In fact, 18 months ago the sun emitted what researchers called a “Carrington Class” solar flare. It just slightly missed earth, but had the sunspot been earth facing at the time it could have been the Kill Shot that took the majority of the planet back to the stone age.

‘The world escaped an EMP catastrophe,’ Henry Cooper, who now heads High Frontier, a group pushing for missile defence, told Washington Secrets.

‘There had been a near miss about two weeks ago, a Carrington-class coronal mass ejection crossed the orbit of the Earth and basically just missed us,’ added Peter Vincent Pry, who served on the Congressional EMP Threat Commission.

Major Ed Dames, who has long proposed that a massive solar event known as the Kill Shot will eventually hit earth, says that when it happens, expect widespread global outages. Unlike what we experience with lower classification X-flares, however a Kill Shot will be a long-term event:

Yeah, if any particular grid goes, they’re not all going to go down at once and some will never go down. The ones that are stretched out over long wide spaces, they will. They will under the right circumstances and the right circumstances are happening real soon, watch the solar flares from (sunspot) 2192 as a harbinger of what’s coming real fast.
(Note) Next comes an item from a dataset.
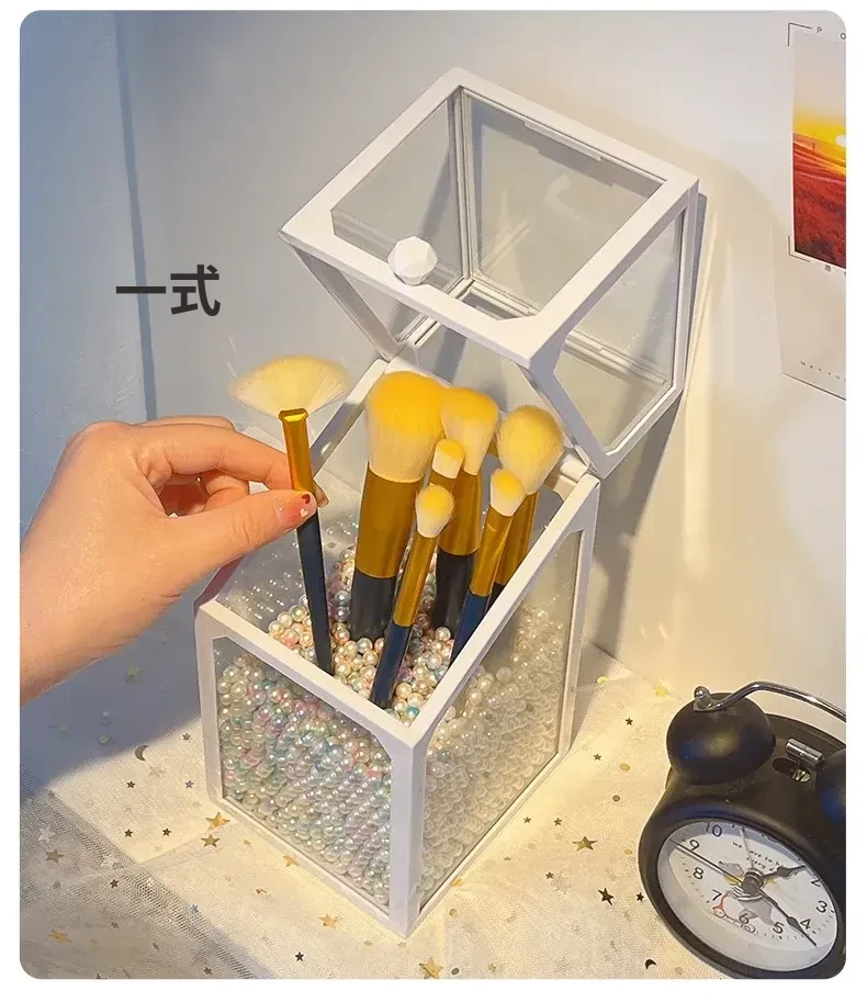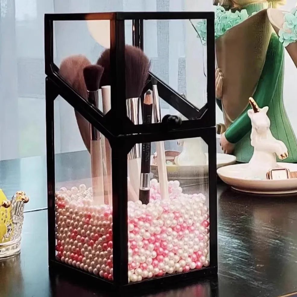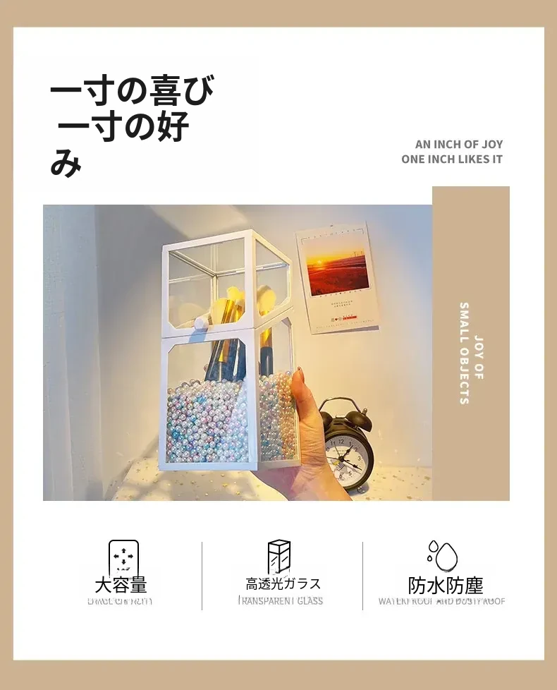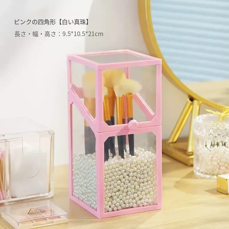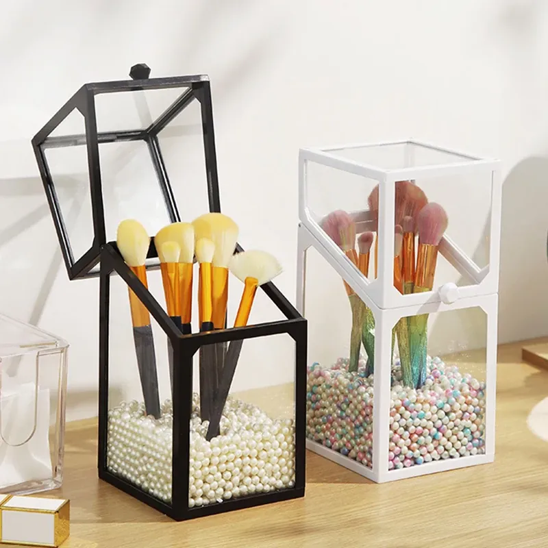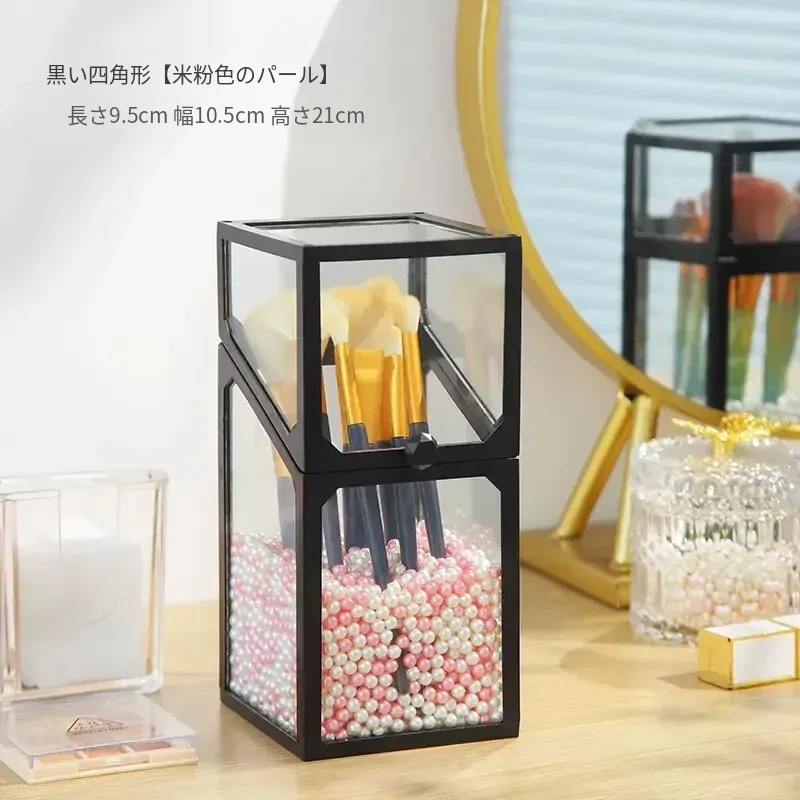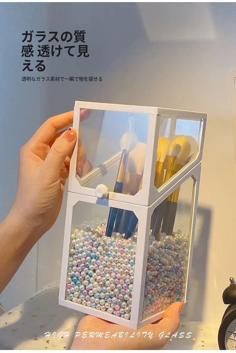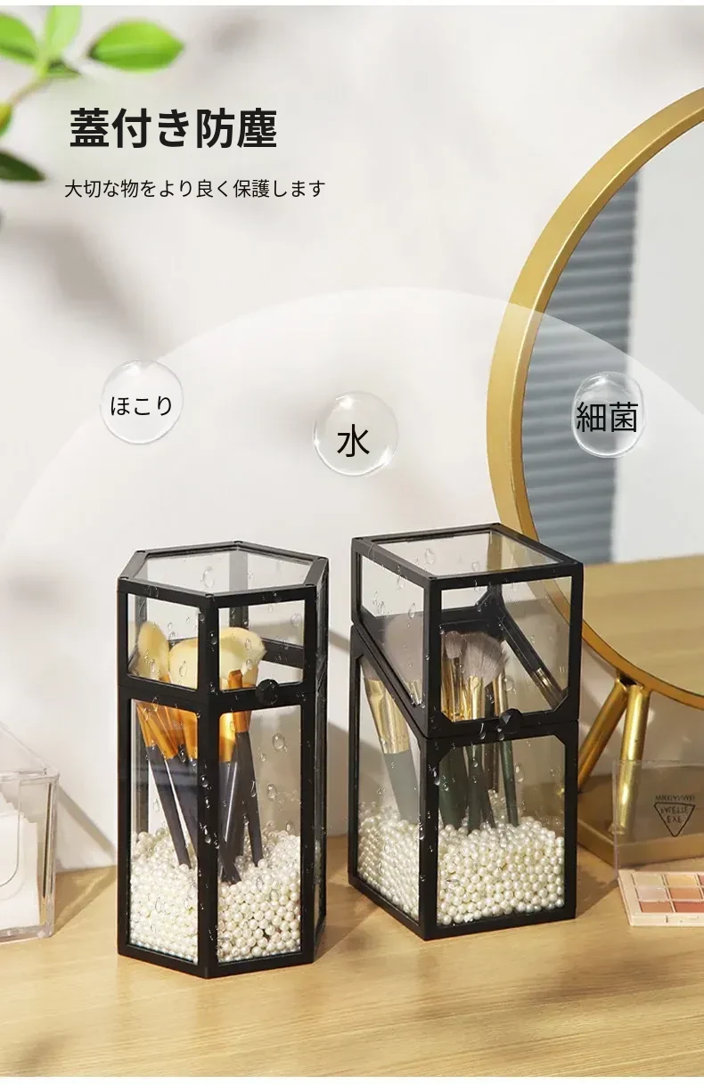 高級感あふれる化粧ブラシ収納筒 - 防塵カバー付きガラス製、持ち運び便利なデスク用メイクボックス。おしゃれなインスタ風のアイブロウペンシル&ブラシ用バケットで、あなたの美容道具をスタイリッシュに整理!

When the grids go down, we’re looking at easily no less than 6 months, but probably 2 years. A lot can happen in terms of Mad Max scenarios.

(Full Interview and Transcript From Holly Deyo)
(Also see: Kill Shot, the documentary)

It’s a sentiment that has been expressed by many, including members of Congress, who say that that the threat of a massive solar flare is a clear and present danger to the United States and the world.